Bug 597800 was largely caused by our confusing mess over: - whether emerge-webrsync should be deprecated as a standalone tool; - the verification codepath in Portage's webrsync module; - the verification codepath (which didn't exist when called directly) in emerge-webrsync; - whether all the logic should be in Portage itself or if emerge-webrsync should continue to exist in some form to shell out to (as Portage does now) We should really just handle the PGP verification in Portage rather than it calling out and using emerge-webrsync's, because the logic in Portage is already far more sophisticated and it can also call gemato as a module properly.
There's two paths we can take: 1. Do the gpg verification in emerge-webrsync even when being called by Portage. Pros: - Quicker to implement if we're happy to ignore some "bonus" settings.

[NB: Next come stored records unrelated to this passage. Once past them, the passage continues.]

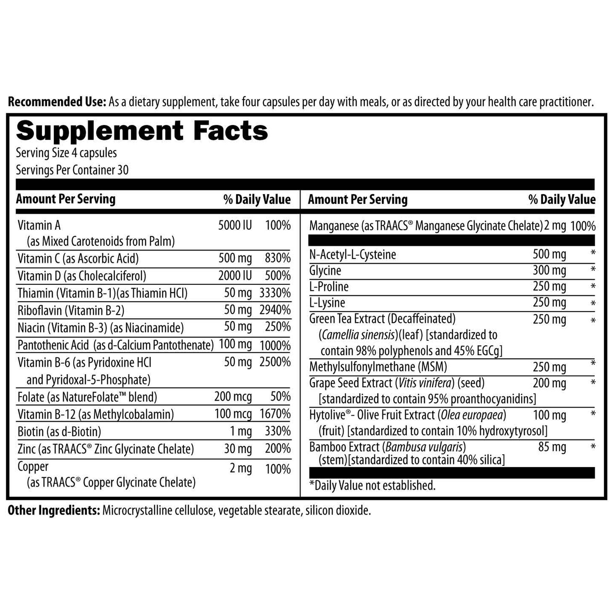 As a dietary supplement, take four capsules per day with meals, or as directed by your health care practitioner.
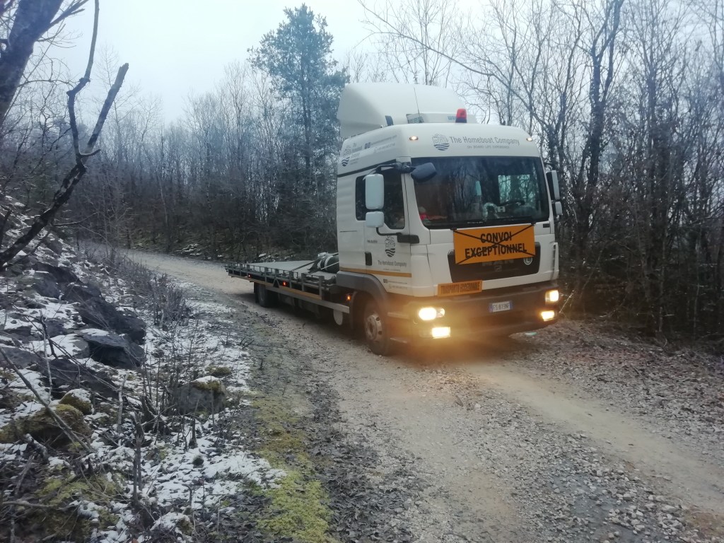 Once into Italy, time was ticking for Marshy to take a weekend break. Having got most of the way down towards Subbiano in Tuscany, Steve parked up Saturday afternoon in the last services before the delivery point to take a well earned rest through to Monday morning. Up and away Monday to Subbiano, tip the transformer housing off for testing and then straight on to the reload. What a nice little reload it was! So a little empty running from Subbiano upto Comezzano-Cizzago near Brescia, just the 246 miles, to reload a small aeroplane back to the UK, loading Monday evening.
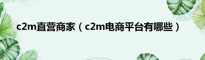 大家好,今天小六子来为大家解答以下的问题,关于c2m直营商家,c2m电商平台有哪些这个很多人还不知道,现在让我们一起来看看吧!
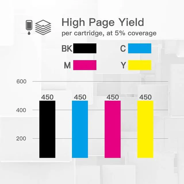 [Page Yield]: Up to 450 Pages per Black cartridge, 450 Pages per Color cartridge (at 5% coverage of A4 paper)
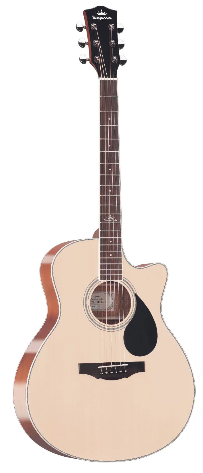 Недорогая акустическая гитара с корпусом Grand Auditorium, обеспечивающая оригинальный и сбалансированный акустический голос с акцентом на средние и высокие частоты. Инструмент хорошо подходит для игры пальцами, фингерстайла, а также для игры медиатором и боем средней силы. Верхняя дека гитары Kepma A1C сделана из ламината ели, делая звук ярким и звонким. Нижняя дека и обечайки выполнены из ламината махагони, который привносит в звук теплоту и объем. Низкая постановка струн и тонкий гриф предлагают комфорт при игре, а вырез на корпусе обеспечивает удобный доступ к верхним ладам для исполнения пассажей и мелодий.
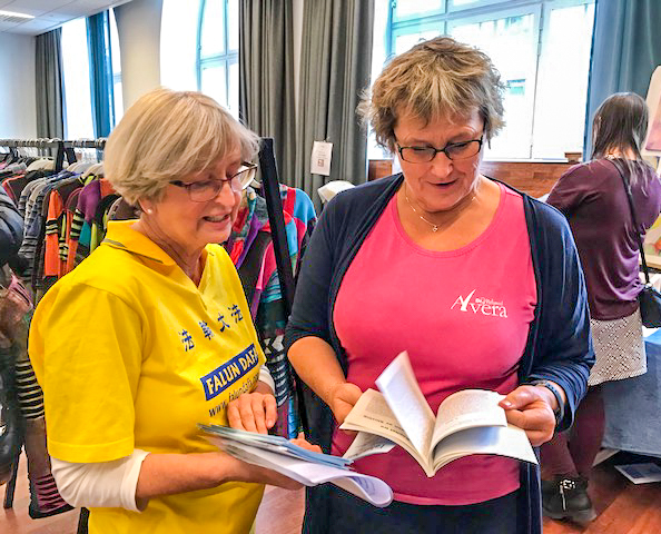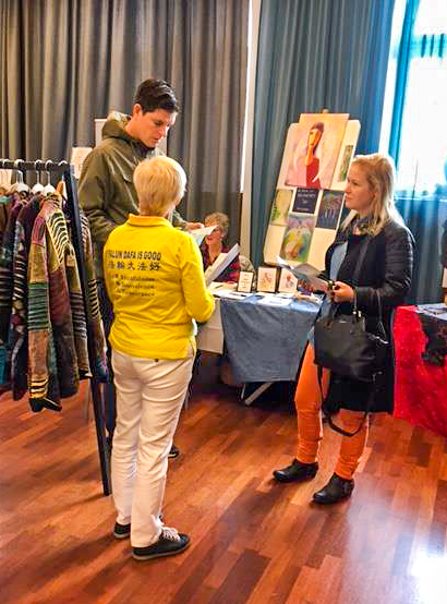 法轮功学员的展位也吸引了很多在寻找精神境界的参观者们。有一位女士来到展位前,就站在那里不想走了,她先买了一本供初学者入门的瑞典文《法轮功》一书,并告诉一位法轮功学员说,她半个多月前在另一座城市的健康展览会上见过法轮功,并学了第一套功法,感觉非常好,这次又遇到法轮功,而且还看到了上次教她功的那位女学员,她想向学员再多了解一下法轮功。

Cons: - We either lose settings like sync-openpgp-key-refresh-retry (silently ignore them) or we have to reinvent the wheel extensively (both for passing them through - easy, and actually making them do something). 2. Have Portage pass --no-pgp-verify to emerge-webrsync and do the verification itself, either by instructing emerge-webrsync to output to a temporary quarantine directory, or by Portage fetching the tarball itself and verifying it then passing it to emerge-webrsync. Pros: - Feels cleaner in the end, once it's done. - No duplication of logic or ignoring options. Cons: - Takes more time to implement. - Need to add a bunch of functionality into emerge-webrsync which in theory we'd end up getting rid of at some point (see next point). - If implemented, sort of a foregone conclusion that emerge-webrsync itself should be deprecated and become a wrapper around the Portage side to avoid maintaining 2 implementations of the same thing.
I think I'm going to do #1 because it's more important that things are consistent and we just take the loss on it being a bit ugly. None of the settings in question are really that important. If we really want, later on, we can just turn emerge-webrsync into a proper wrapper anyway.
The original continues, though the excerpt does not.